Scoop: North Carolina lawmakers push to repeal Biden’s anti-cigarette move that will “fuel crime, strengthen black markets, and leave our communities picking up the pieces”
"Today, it’s menthol cigarettes," Rep. Pat Harrigan said. "Tomorrow it’s meat, cars, or anything else they decide you shouldn’t have."
The Biden administration’s “de-facto ban on cigarettes” is a “perfect parting gift for the cartels and organized crime,” Sen. Thom Tillis (R., N.C.) told the Washington Reporter, as incoming President Donald Trump reportedly plans to help “scrap this ridiculous proposed rule.”
The Reporter previously covered the Biden administration’s Food and Drug Administration’s (FDA) plan for a cigarette ban; now, the proposal is out — and it could devastate the 27,000 North Carolina jobs supported by tobacco, Tillis warned.
Rep. Tim Moore (R., N.C.) told the Reporter that “if this isn’t an attack on North Carolina and on agriculture, I don’t know what is.”
“I would hope and I would imagine that he will roll this mandate back…[Biden is] making it easier for dangerous drugs to get on our streets and yet he simply wants to weigh in now against cigarettes that adults can legally buy,” Moore said. “It is a nonsensical rule that does nothing. It would upend an industry that is obviously important to North Carolina but that is important, frankly, to the nation too. I think it’s irresponsible.”
Rep. Pat Harrigan (R., N.C.) echoed Moore’s criticisms.

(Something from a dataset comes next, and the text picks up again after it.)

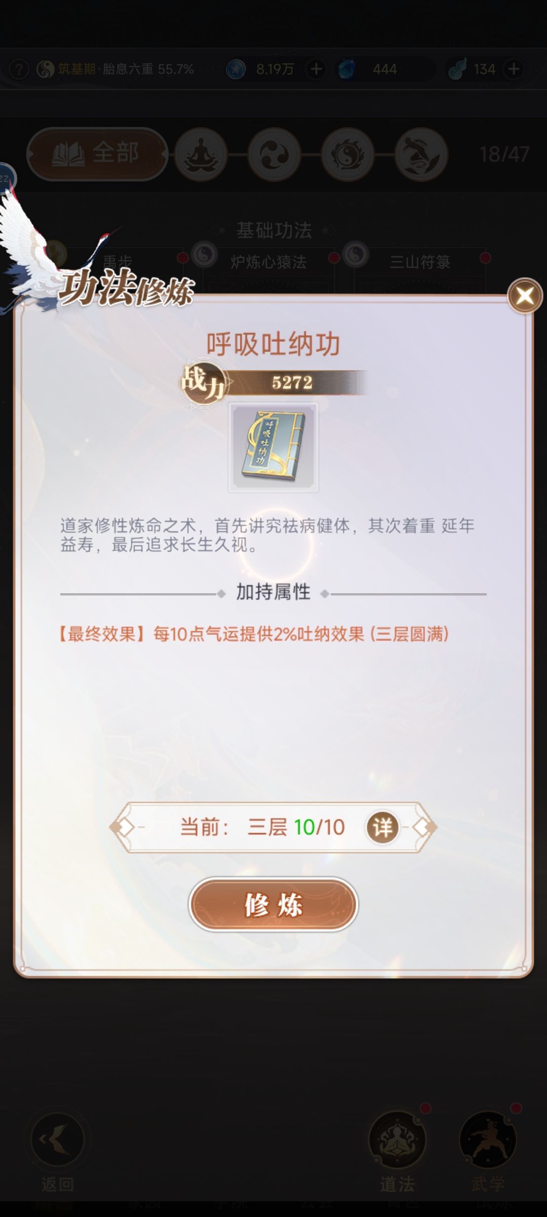 主线任务:吐纳功圆满(吐纳可以等这个拉满了在吐纳)

"The Biden administration’s menthol cigarette ban is a full-scale assault on North Carolina jobs, businesses, and freedom. Over 27,000 hardworking families stand to lose their livelihoods, while $49 billion in economic impact is torched overnight,” Harrigan said.
“Prohibition doesn’t work — it never has,” Harrigan continued. “This ban will fuel crime, strengthen black markets, and leave our communities picking up the pieces. And let’s not kid ourselves: this is just the start. Today, it’s menthol cigarettes — tomorrow it’s meat, cars, or anything else they decide you shouldn’t have. This fight is about more than one bad policy — it’s about stopping an out-of-control government from crushing our way of life.”
Others warn that the proposal could have even more nefarious side effects.
“Biden is simply empowering the cartels and costing billions in revenue to the United States,” a Trumpworld source told the Reporter. “President Trump can right this wrong by scrapping the rule completely.”
Beyond the possibilities for mass job losses, the nonpartisan Tax Foundation estimated that a cigarette ban akin to the FDA proposal would cost over $30 billion in tax revenues on both state and federal levels.